Anyway. Tony was an extraordinary young man. And the Scriptease guys have decided to dedicate their shows—and their profits—to his memory. That started with Thunderdome. Clay came to talk to the kids tonight about Exit 16 maybe participating, and before he'd finished talking—before he'd completed more than a few sentences—every single one of them said "We're in. Whatever you need."

I don't want to get goofy and emotional about this. But sometimes the things that move you the most come from the places you least expect it.

Sunday, September 28, 2008

The end of a long, fun weekend

First, and just because I HAVE to get this out of my system. What kind of a dick do you have to be to say something mean about a high school troupe's show in your Facebook status? Seriously.*

Second, the movie The Fugitive still holds up. Even when they friendly up Tommy Lee Jones' language. Harrison Ford looked better pre-earring.

Third, I saw some fun shows this weekend.

THURSDAY: I am in absolute awe of Pretty. Funny. It's not just the funny. They are so generous and playful with each other—you can't help but wish you were up there with them. Gorgeous pacing, insightful writing, great casting. The sincere, spontaneous standing O they got was completely deserved.

FRIDAY: I'd been wanting to catch a ComedyCity show in their new space, and knew a bunch of my pals were playing Friday. The new space is terrific: great size, location, energy, vibe, everything. I really hope this is the start of a successful new era for CC.

SATURDAY: The Trip Fives show was a blast—Jared, Ed, Jen, Megan and Tim complement each other really well, and their format really played to their strengths. I laughed hard and often. The Thunderdome Championship was a blast: all three teams were on their games. I was blown away by what Andrew and the kids pulled together—and it was fun to see Exit 16 alum Darin Seal on the keyboards with Andrew's guitar. I know from talking to them that some of the kids were pushed outside their comfort zones—what with the music and the poetry and all—but they committed 100% and the result was good.* Scriptease played the best set I've ever seen them do—and (hope they wouldn't mind me mentioning it) they played in honor of a former classmate's memory, which made it that much more moving and meaningful. And Type O Positive put up another super-fun set—so funny, so smart, so playful. I really hope they're one of the Thunderdome teams (like Loaded Dice or Spite) that decides it's too much fun to be a one-shot deal. (Fluffer Nutter would do the same, if I were all-powerful and got to pick...)

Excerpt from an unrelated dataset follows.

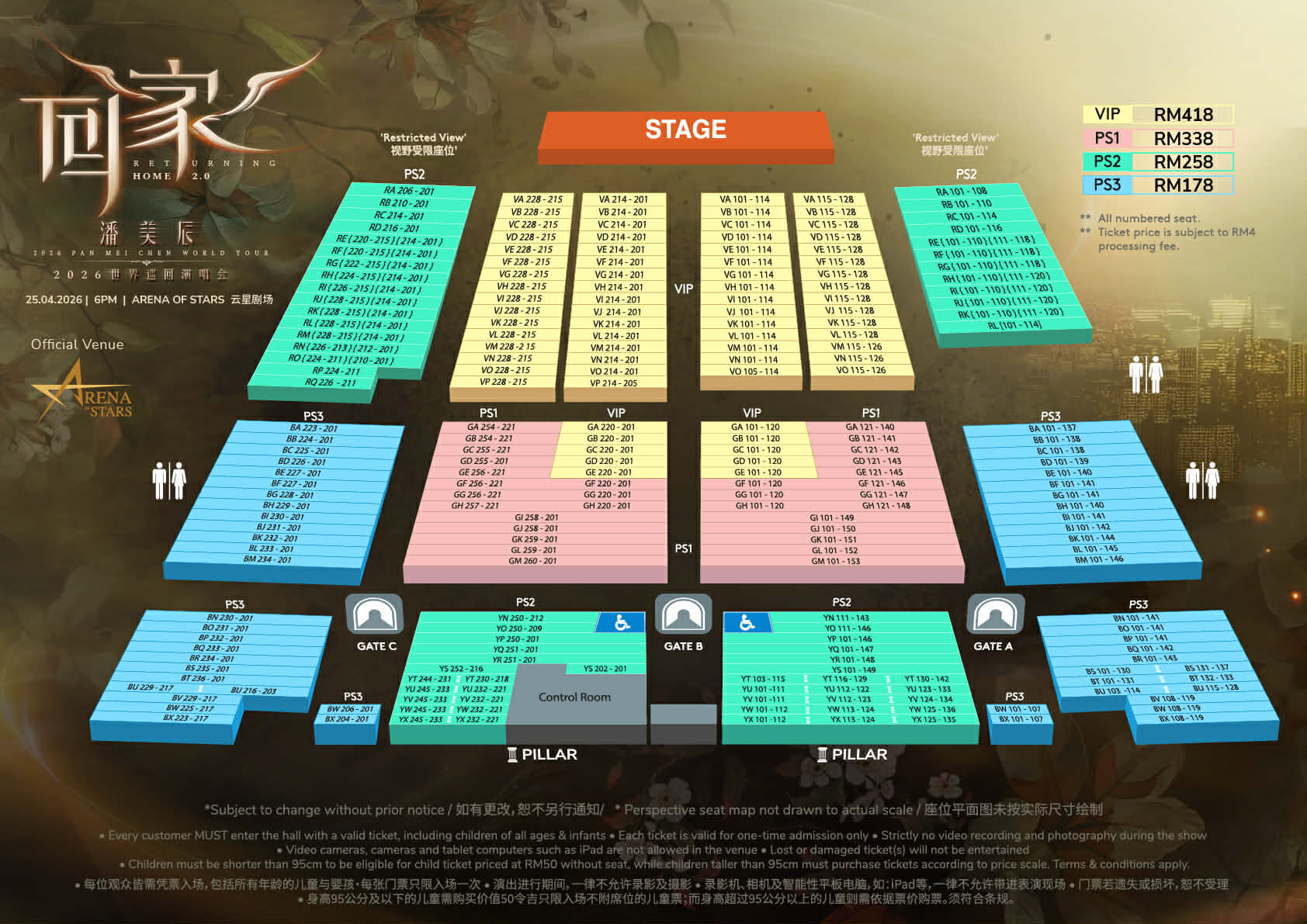 演唱会门票售价为 418 令吉(VIP)、338 令吉(PS1)、258 令吉(PS2)及 178 令吉(PS3),所 有票价未包含 4 令吉手续费。早鸟优惠将于 2026 年 3 月 19 日下午 5 时开售,VIP 至 PS2 票位可享 25%折扣,数量有限,售完即止。早鸟优惠结束后, 凡通过云顶积分、信用卡或现金购票的云尊奖 赏会员将可享有 10%折扣, 同样适用于 VIP 至 PS2 票位。

STD won and Scriptease took second, which isn't really the POINT of Thunderdome (OK, it is). And yes, I am freaky proud of the youngsters. Andrew and Rob are terrific coaches, and have taken both troupes further than I ever would have. It's such a good thing for groups to get different perspectives from different directors—you can't help but grow. Rob has the perfect temperament for the Scriptease guys, and they're freaky lucky to have someone as talented as he is as a coach. Andrew is an artist in every sense of the word, and he pushes the Exit 16 kids to play up to their intelligence.

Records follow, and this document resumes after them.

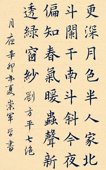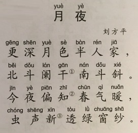 更深月色半人家,北斗阑干南斗斜。出自唐代诗人刘方平作品《月夜》。这首诗记叙作者对初春月夜气候转暖的独特感受。诗的前二句写景,记叙星月西斜,夜深人静。诗的后二句记所闻、所感,因虫声透过窗纱传来,感到已到春暖时节。诗中描绘了一种优美宁静而富有生机的境界,令人感到物候在变化,又是静美的。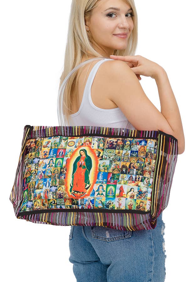 La Loteria Portrait Print Rope Handle Zippered Canvas Tote Bag -Dimensions: 19.75" * 15" * 5.25" -1 x Zipper Closure Main Compartment -1 x Inner Auxiliary Pocket -100% Canvas -CA Prop 65 Advisory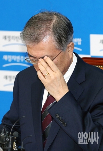 새정치민주연합 문재인 대표가 16일 오전 서울 여의도 국회에서 열린 당 최고위원회의에 참석해 안경을 고쳐쓰고 있다.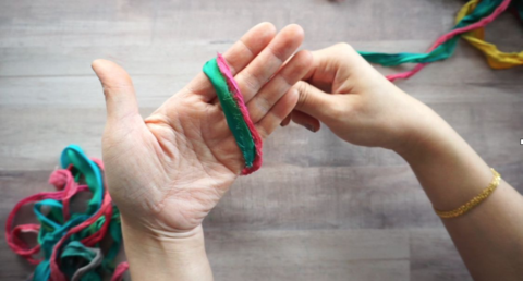 - 3 hanks (120 yards) of Silk Chiffon Ribbon

So yeah, it's been a good weekend.

This week: Tuesday is Exit 16's first show of the year, which always rocks. (They had a terrific rehearsal, even.) We're back at the Corbin on Saturday, with Fakers (aka Scriptease) and the kids from Exit 16 who are blowing off Homecoming.

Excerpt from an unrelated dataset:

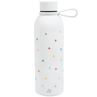 Die doppelwandige Vakuum-Trinkflasche ist aus recyeltem Edelstahl hergestellt und mit einer gummierten Beschichtung ausgestattet, inkl. Schraubdeckel und praktischer Silikon-Trageschlaufe. Auf dem Korpus ist ein Recycling-Logo eingraviert.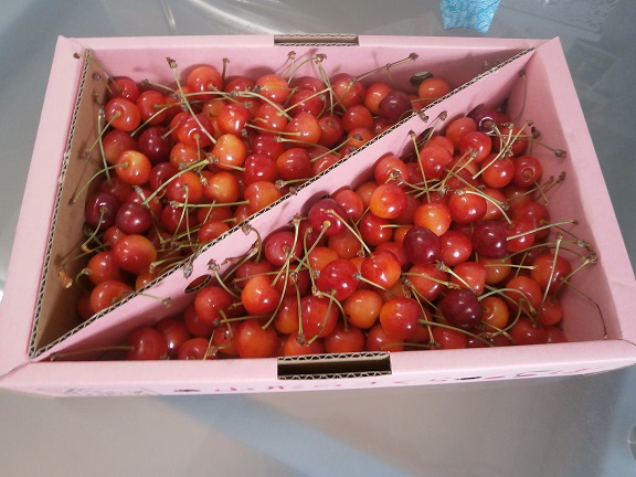 かつ丼、そしてひと箱1,000円の佐藤錦さくらんぼを購入しました。

Oh, and Thursday. Thursday I start belly-dancing classes. Three reasons:
1. Need to add another workout.
2. Need to do something in my life that has NOTHING TO DO WITH IMPROV.
3. Need to...um...OK. Girl it up a little. Working out has helped, but I'm still much more comfortable in my brain than my body.

Eep.

Only 12 more days 'til LA, and classes with Jill and Dave Razowsky. Counting down.



*Plus, for the record, he's wrong. The STD set was "all that funny." And I've got enough experience doing and watching this stuff to put my admitted bias aside in that assessment. Their edits were tight, their relationships were strong, their callbacks were solid and there are professional troupes around here that couldn't match their game moves.

Saturday, September 27, 2008

First shot at the trophy case

Exit 16 is a school organization, but has zero opportunities to participate in school events.

Which makes it extra cool that—playing as Some Technical Difficulties, coached by alum Andrew Brant, and accompanied by Andrew and alum Darin Seal—now has an Improv Thunderdome belt. Their goal: Put it in the school trophy case.

Scriptease came in second with a killer set and motivation that will make me cry if I write about it.

It was a great night.

Friday, September 26, 2008

Like toilet-paper

I've always heard the line that improv is like toilet paper: good for one use.

Fight Club actually helped me believe that. Because you're not allowed to talk about it after, you learn to treat the scenes you do as less important precious. That has translated into performing...I'm much less likely to torture myself over a screwy scene, a mediocre show or a missed game move, because 1) it doesn't exist anymore and 2) honestly, people, I'll have plenty of opportunities to do better.

Which is today's "treat work like a show" lesson: Let. It. Go.


It's been a nightmare of a week—for others more than for me. But the tough part from my POV has been the emotional investment on one side and emotional drain on the other. If I didn't give a shit about my work or the people I work with, my left eye wouldn't be twitching and I wouldn't feel like I've been run over by a bus. I'm freaking TIRED.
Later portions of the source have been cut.